Lesional gene expression profiling in cutaneous T-cell lymphoma reveals natural clusters associated with disease outcome.

作者信息

Shin Jessica, Monti Stefano, Aires Daniel J, Duvic Madeleine, Golub Todd, Jones David A, Kupper Thomas S

机构信息

Harvard Medical School, Boston, MA, USA.

出版信息

Blood. 2007 Oct 15;110(8):3015-27. doi: 10.1182/blood-2006-12-061507. Epub 2007 Jul 16.

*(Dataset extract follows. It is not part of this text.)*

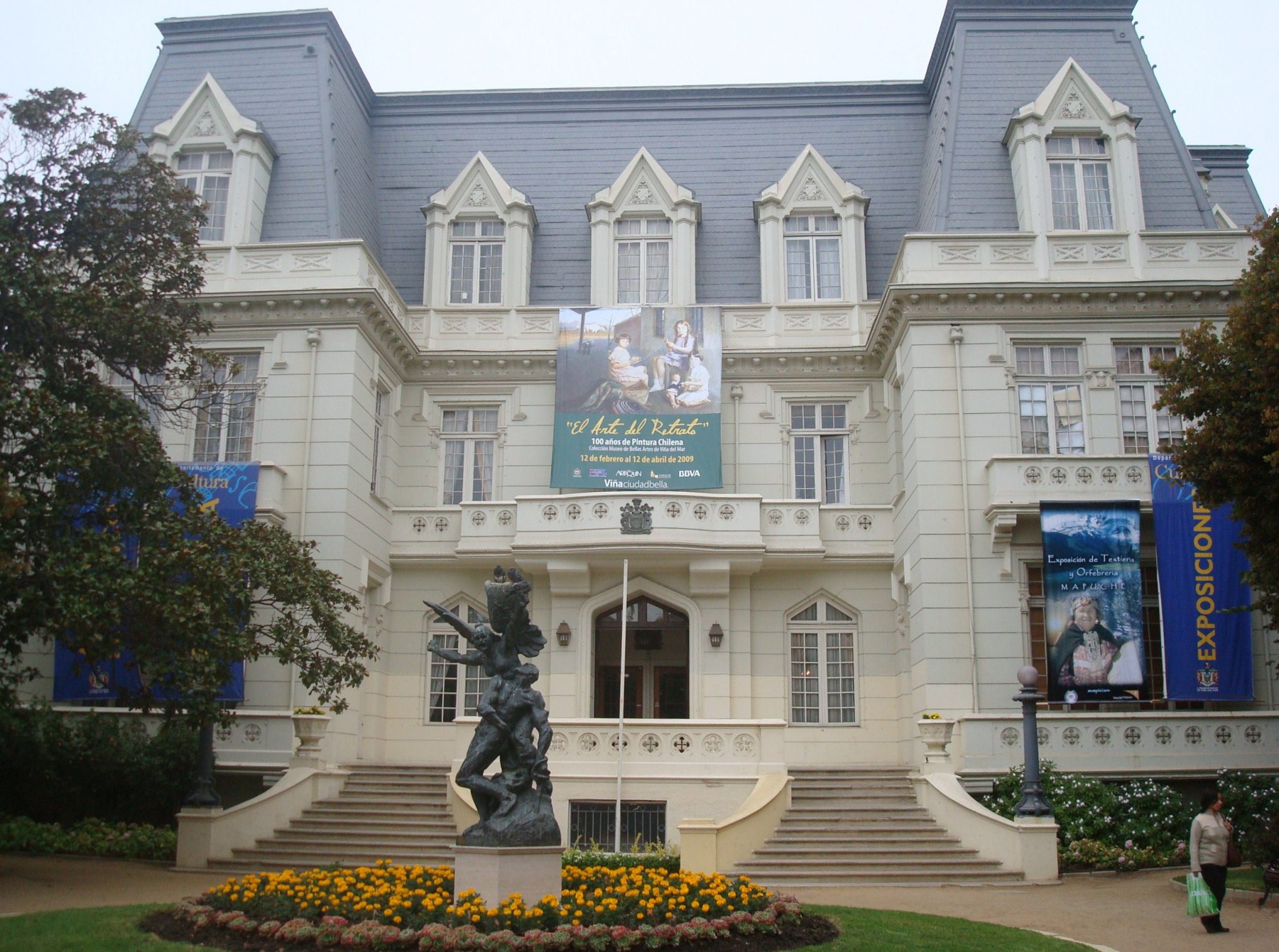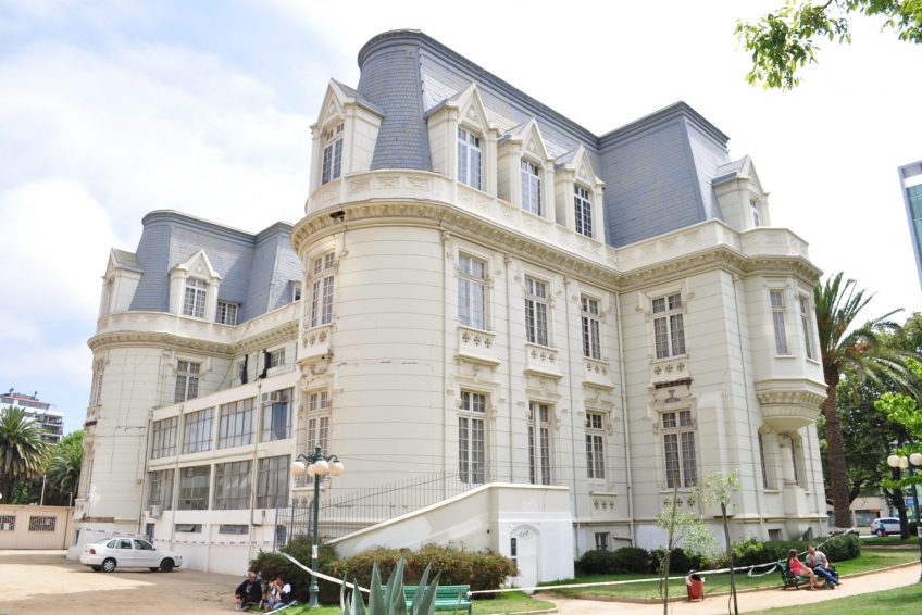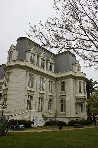 本专业谁曾来智利于1895年,引进新文艺复兴,新古典主义,格鲁吉亚都铎风格,解除了二层楼,阁楼屋顶和基地,其特点是正在开展关于中央机构,这是两个突出的机构入口区域,三个诺曼拱门的门廊配置,通过两个对称的楼梯,在风扇中访问它。

DOI:10.1182/blood-2006-12-061507
PMID:17638852
原文链接:https://pmc.ncbi.nlm.nih.gov/articles/PMC2018675/
Abstract

Cutaneous T-cell lymphoma (CTCL) is defined by infiltration of activated and malignant T cells in the skin. The clinical manifestations and prognosis in CTCL are highly variable. In this study, we hypothesized that gene expression analysis in lesional skin biopsies can improve understanding of the disease and its management. Based on 63 skin samples, we performed consensus clustering, revealing 3 patient clusters. Of these, 2 clusters tended to differentiate limited CTCL (stages IA and IB) from more extensive CTCL (stages IB and III). Stage IB patients appeared in both clusters, but those in the limited CTCL cluster were more responsive to treatment than those in the more extensive CTCL cluster. The third cluster was enriched in lymphocyte activation genes and was associated with a high proportion of tumor (stage IIB) lesions. Survival analysis revealed significant differences in event-free survival between clusters, with poorest survival seen in the activated lymphocyte cluster. Using supervised analysis, we further characterized genes significantly associated with lower-stage/treatment-responsive CTCL versus higher-stage/treatment-resistant CTCL. We conclude that transcriptional profiling of CTCL skin lesions reveals clinically relevant signatures, correlating with differences in survival and response to treatment. Additional prospective long-term studies to validate and refine these findings appear warranted.

摘要

皮肤T细胞淋巴瘤(CTCL)的定义是皮肤中存在活化的恶性T细胞浸润。CTCL的临床表现和预后差异很大。在本研究中,我们假设对病变皮肤活检进行基因表达分析可以增进对该疾病及其治疗的理解。基于63份皮肤样本,我们进行了一致性聚类分析,发现了3个患者聚类。其中,2个聚类倾向于将局限性CTCL(IA期和IB期)与更广泛的CTCL(IIB期和III期)区分开来。IB期患者出现在两个聚类中,但局限性CTCL聚类中的患者比更广泛CTCL聚类中的患者对治疗反应更好。第三个聚类富含淋巴细胞活化基因,并且与高比例的肿瘤(IIB期)病变相关。生存分析显示各聚类之间的无事件生存期存在显著差异,活化淋巴细胞聚类的生存期最差。通过监督分析,我们进一步对与低分期/治疗反应性CTCL和高分期/治疗抵抗性CTCL显著相关的基因进行了特征描述。我们得出结论,CTCL皮肤病变的转录谱分析揭示了与生存和治疗反应差异相关的临床相关特征。有必要开展更多前瞻性长期研究来验证和完善这些发现。